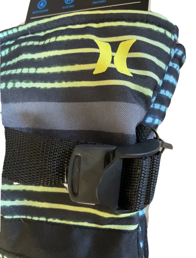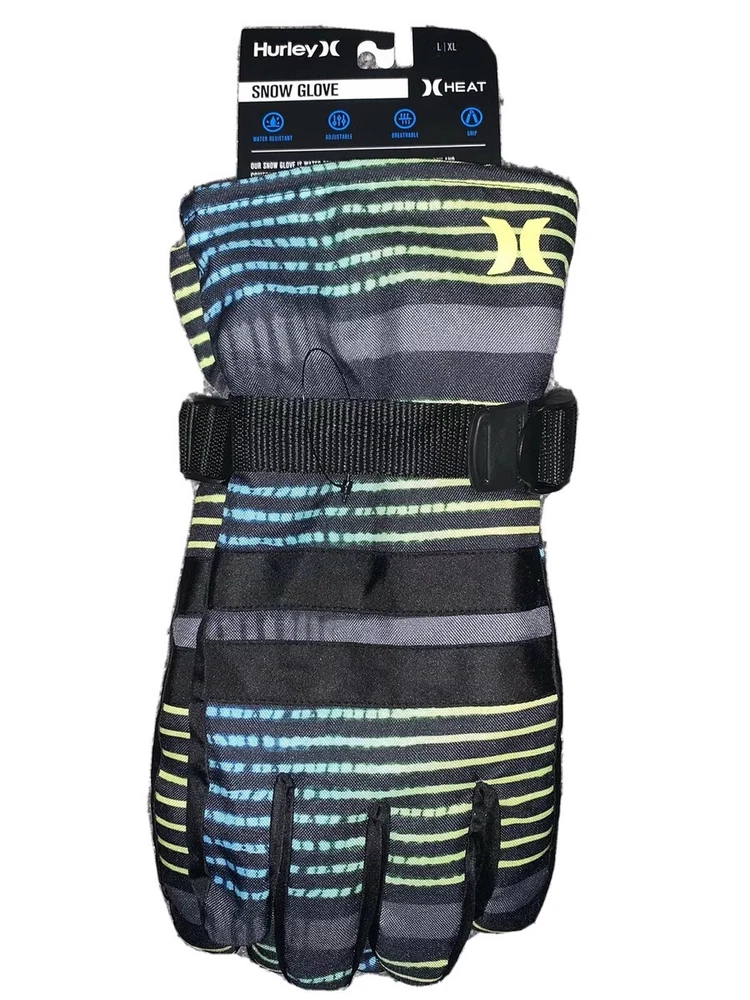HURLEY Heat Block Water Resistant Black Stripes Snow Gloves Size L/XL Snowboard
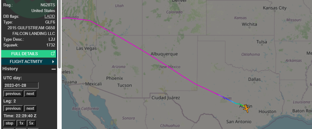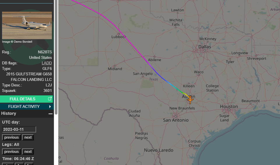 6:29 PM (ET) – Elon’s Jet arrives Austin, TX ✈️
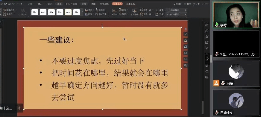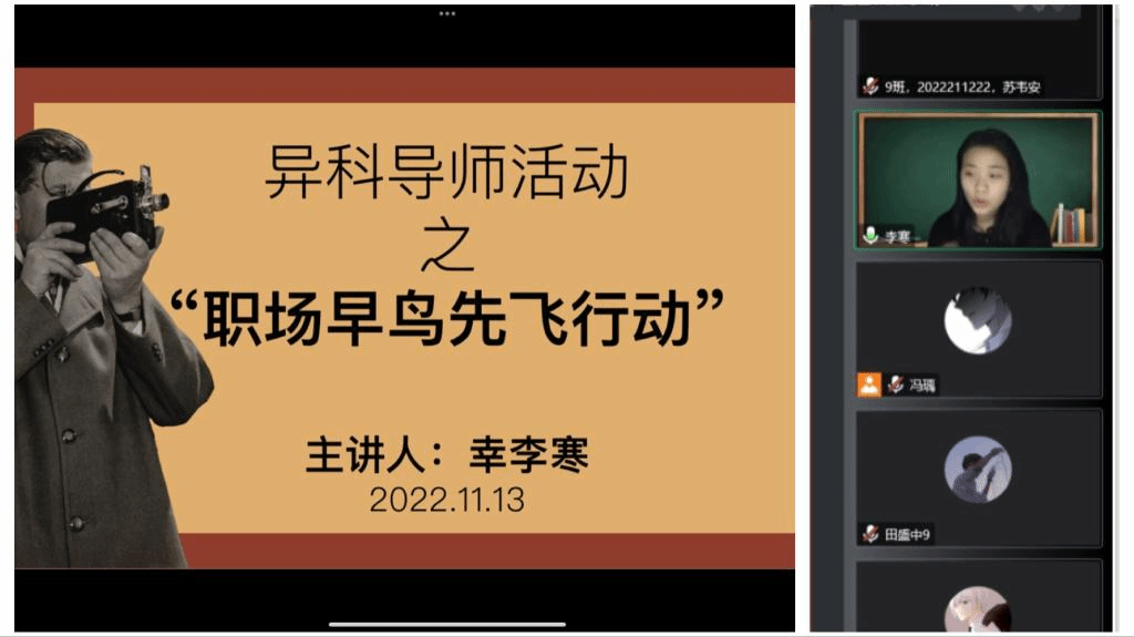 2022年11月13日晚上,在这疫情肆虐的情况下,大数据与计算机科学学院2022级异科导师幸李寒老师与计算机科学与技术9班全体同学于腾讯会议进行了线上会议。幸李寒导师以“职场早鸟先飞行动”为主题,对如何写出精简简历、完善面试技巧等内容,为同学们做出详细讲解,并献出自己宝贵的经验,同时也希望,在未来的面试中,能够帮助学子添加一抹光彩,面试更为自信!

:::

» Task statement
Leave the pictures out and reproduce exactly the lines from the line with "6:29 PM (ET)" to the end of the material above.

» Your response
 6:29 PM (ET) – Elon’s Jet arrives Austin, TX ✈️
 2022年11月13日晚上,在这疫情肆虐的情况下,大数据与计算机科学学院2022级异科导师幸李寒老师与计算机科学与技术9班全体同学于腾讯会议进行了线上会议。幸李寒导师以“职场早鸟先飞行动”为主题,对如何写出精简简历、完善面试技巧等内容,为同学们做出详细讲解,并献出自己宝贵的经验,同时也希望,在未来的面试中,能够帮助学子添加一抹光彩,面试更为自信!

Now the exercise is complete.